Predicted results show a stability of titania content at 6% for flow rates lower than 40 SLPM followed by a linear increase comparable to fitting result. Alumina content is predicted to decrease linearly with plasma gas flow rate similarly to fitting result.
Scatter of predicted results with respect to experimental ones is in the average around 2% and 9% for alumina and titania phases, respectively. The effect of total plasma gas flow rate is larger in the case of titania as its value was twice increased between 40 and 70 SLPM, from 6.5% to 12.5%.
Alumina content was less sensitive to total plasma gas flow rate than titania compared to arc current. A decrease of less than 10% was obtained between 40 and 70 SLPM. Such effect is interpreted by the fact that plasma gas flow rate increases significantly particle velocity and shortens their interaction time in the plasma jet [8, 9]. Moreover, plasma jet becomes more diffuse and thus causes the shrinkage of the core region where temperature exchanges are the most significant [2]. These aspects lower particle temperature and thus decrease alumina content in the microstructure. However, titania increase is interpreted by a low temperature range efficient for increasing titania content in the microstructure.
4.3 Effect of hydrogen ratio
Hydrogen ratio in the plasma gas was varied from 23% to 50% keeping the other parameters to the reference condition. Figure 5 shows a slight increase of alumina content whereas titania content increase is more significant. Linear relationships were found to best describe such tendency(8)
Figure 5. Effect of hydrogen ratio on phase contents. 
In the case of titania phase, the ANN predicted result shows that titania content decrease is more effective between 20% and 37% of hydrogen fraction. For higher fractions, titnia content was predicted around 8%. In the case of alumina content, predicted and fitting results are in good agreement. The scatter between predicted and experimental results is in the average 3% and 14% for alumina and titania phases, respectively.
As in the case of arc current, the predicted result shows a significant effect on titania phase, which decreases by a factor of two between 23% and 50% whereas alumina increase is 15% in the same range. Hydrogen effect is related to the improvement of plasma jet enthalpy, thermal conductivity and viscosity, as demonstrated previously [9, 19–21]. All these factors increase the available energy for particle heating and explain the increase of alumina content and the decrease of titania content in the microstructure.
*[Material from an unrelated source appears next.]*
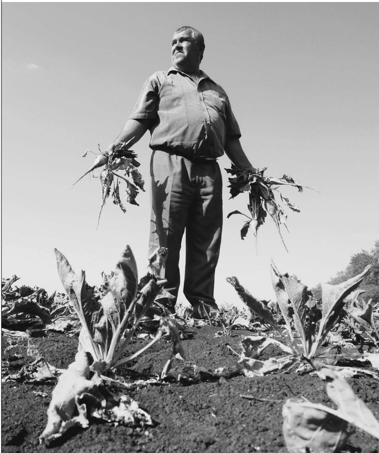
Вместо сочных корешков сахарной свеклы на многих полях остались зажаренные на солнце вершки

4.4 Combined effects between process parameters
In order to better capture the effect of process parameters using the statistical analysis, instead of varying individually each parameter, parameter combinations are considered as illustrated in Figure 6a. This allows to drag a cubic grid in the parameter space with a resolution of at least 6 points for each parameter. The total number of combinations is thus 216. Figure 6b shows histograms representing the frequency of parameter combinations for a given value of alumina and titania phases. Alumina ratio is predicted to vary between 67% and 93% and titania ratio between 5% and 31% whatever is the parameter combination. As in the case of the individual effects, titania phase variation is more sensitive to parameter variations compared to alumina phase. Only few combinations are predicted to cause the increase the titania ratio in the microstructure.
Figure 6. (a) Illustration of parameter combinations in the prediction space. (b) Predicted phase ratios as function of the combinations identified in the parameter space. 
The analysis of the results of the parameter combinations show capabilities of predicting the average variation of the phase ratio with respect to each process parameter whatever is the values of the other parameters. To do so, the predicted ratios are averaged for a fixed value of the process parameters. This analysis confirms and generalizes the parameter effects identified by varying each parameter individually and fixing the other parameters to a prescribed value. Figure 7 shows the evolution of the phase ratios as function of the studied parameters. In the case of the arc current (Figure 7a), an increase of the alumina phase content and decrease of the titania phase content are predicted when this parameter is increased. This effect is thus in good agreement with the one revealed in Figure 3. The error bars represents in Figure 7a the scatter of the ratio values. These values are issued from varying the hydrogen ratio and the total plasma flow rate. It is worth mentioning that these error bars are larger in the case of titania phase showing again that the scatter in the titania predicted values is significant.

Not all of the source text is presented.